Spending time with family during Christmas is great – but it is not the ultimate meaning of Christmas.
It’s not the gifts, it’s not the lights, it’s not the food.
We all know that the real meaning of Christmas is… spending time with our loved ones - our family. Long distances are travelled to get home for Christmas Eve. People who usually spend most of the year far from each other, come together.
But wait.
Think about the thousands of men and women who sleep on the streets in many Southern European cities (where winter is less severe). For many of them, family relationships broke a long time ago. Is Christmas not for them?

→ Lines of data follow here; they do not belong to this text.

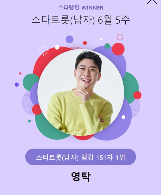 영탁은 지난 6월 27일 오후 3시 1분부터 7월 4일 오후 3시까지 진행된 6월 5주(151차) 스타랭킹 스타트롯 남자 랭킹 투표에서 1위를 유지했다.
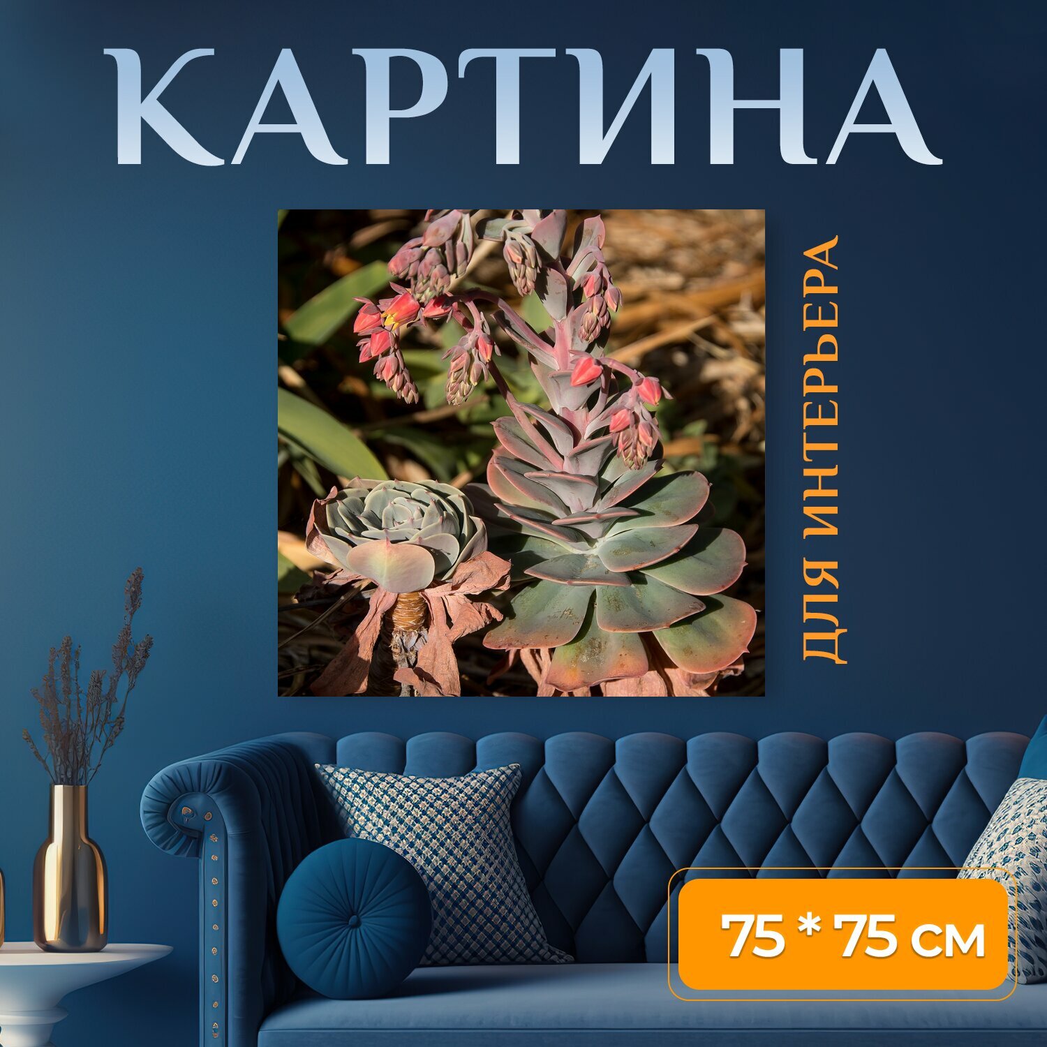 Купить Картина на холсте "Суккуленты, зеленый, цветы" на подрамнике 75х75 см. для интерьера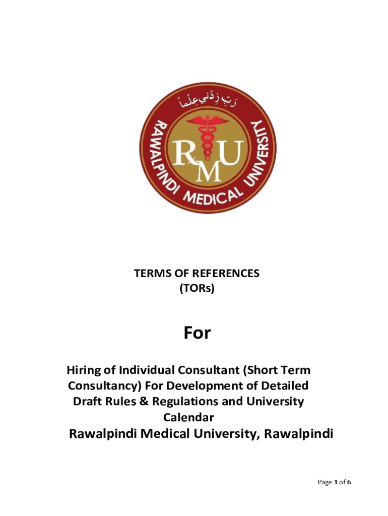 TERMS OF REFERENCES (Tors)For Hiring of Individual Consultant (Short Term Consultancy) For Development of Detailed Draft Rules & Regulations and University Calendar Rawalpindi Medical University,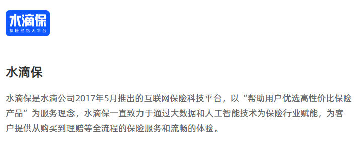 水滴保是水滴集团的第二大业务,简单来说,其实就是卖保险,它负责把各大保险公司的保险产品卖出去,赚个佣金。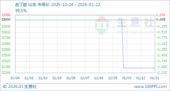 1月22日,生意社叔丁胺基准价为32333.33元/吨,与本月初(33000.00元/吨)相比,下降了2.02%。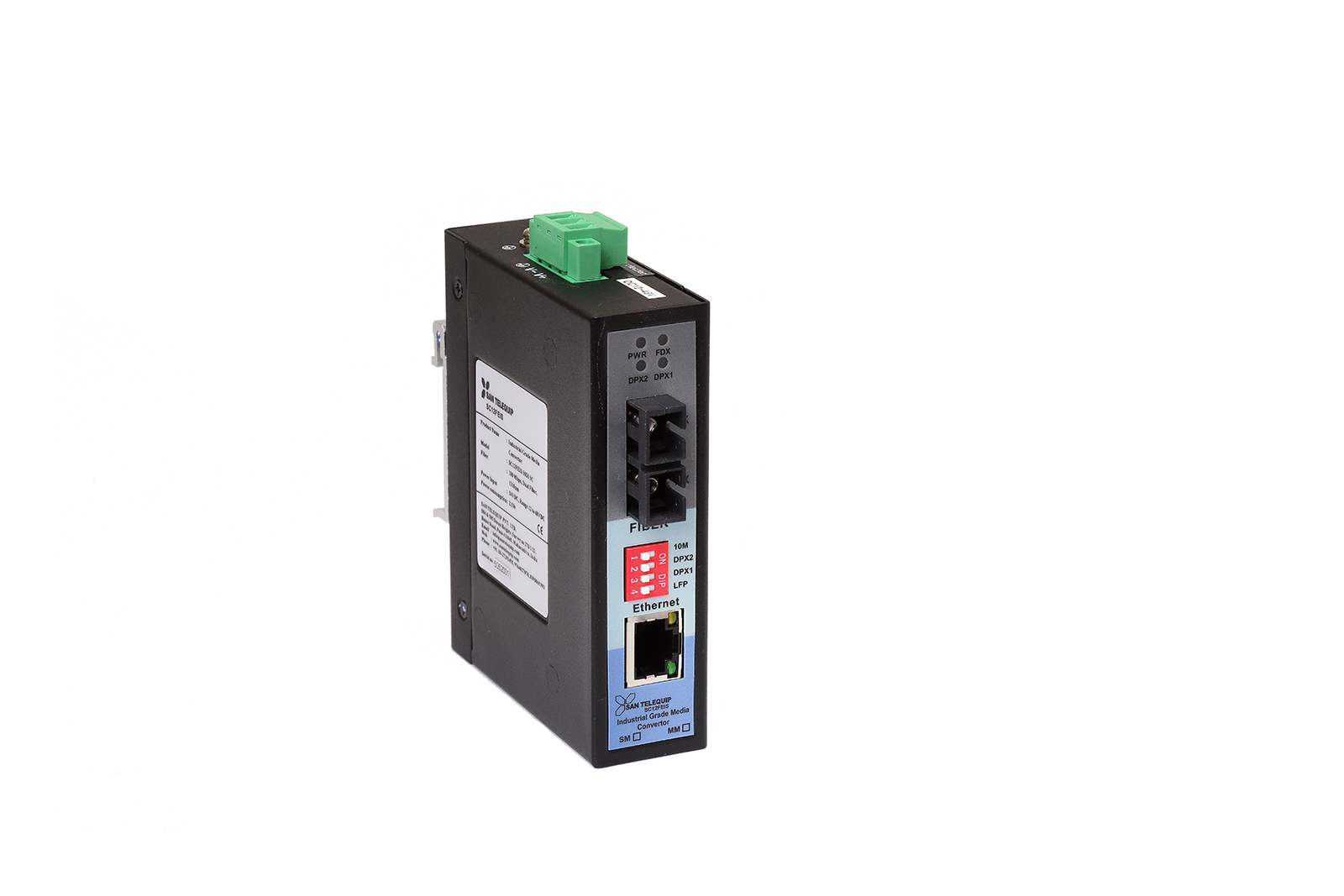 SAN Telequip’s Industrial Ethernet to Fiber Media Converters bridge copper and fiber optic networks, converting 10/100/1000Base-T(X) to 100/1000Base-X to extend data transmission distances up to 120km. These rugged units feature Link Fault Pass-Through (LFP) for network monitoring, IP40 fanless metal housing, and redundant 12-48V DC power inputs, maintaining reliable performance in extreme temperatures from -40°C to 85°C.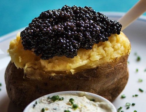 К блюду подаётся перламутровая ложка. За этот печёный картофель придётся выложить 460 долларов, на которые можно было бы заказать несколько ужинов со стейками с печёным картофелем в большинстве традиционных мясных ресторанов.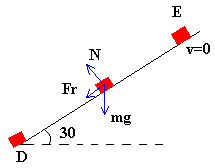 Calculamos el máximo desplazamiento D de la partícula a lo largo del plano inclinado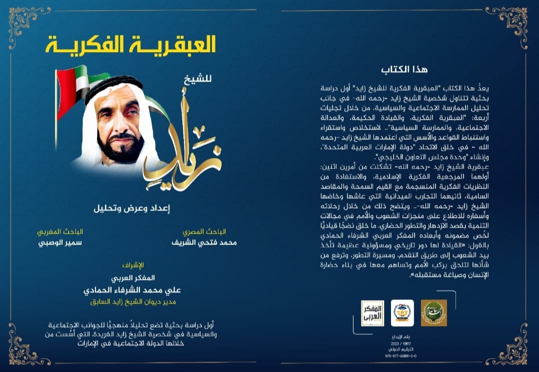 أصدر مركز العرب للأبحاث والدراسات، دراسة بحثية متخصصة بعنوان (العبقرية الفكرية للشيخ زايد)، والتي تعد أول دراسة بحثية تتناول شخصية الشيخ زايد -رحمه الله- في جانب تحليل الممارسة الاجتماعية والسياسية، من خلال تجليات أربعة: (العبقرية الفكرية، والقيادة الحكيمة، والعدالة الاجتماعية، والممارسة السياسة)، والتي شارك في إعدادها وتحليل مضمونها الباحث المصري محمد فتحي الشريف رئيس مركز العرب، والباحث المغربي د. سمير الوصبي رئيس وحدة الدراسات الاجتماعية بالمركز، وذلك تحت إشراف المفكر العربي الكبير علي محمد الشرفاء الحمادي مدير ديوان الشيخ زايد السابق، وتولت دار (المفكر العربي) للنشر، مهمة نشرها في كتاب يحمل اسم العبقرية الفكرية للشيخ زايد.

Think about the young asylum seekers who have arrived to Nordic cities in the last months and years. The video-calls with parents, siblings, spouses and children, are the only way to be in touch with their families. Is Christmas not for them?
Think about the teenagers all around the continent who will spend these days either with the mother or the father. Many expect their peers to offer them the fellowship and love once they are allowed to leave the house after dinner. Is Christmas not for them?
For Joseph and Mary, the birth of Jesus was a difficult moment of their lives. Family as we usually understand it was not there in Bethlehem. But Immanuel was with them: “God with us”.
Christmas is all about the reality that God came to be with us. No matter if you’re surrounded by family these days, or going through a really rough time in your life. God is there, and he is speaking to you: “I’m with you”. May we all be ready to hear his voice and experience his love these days.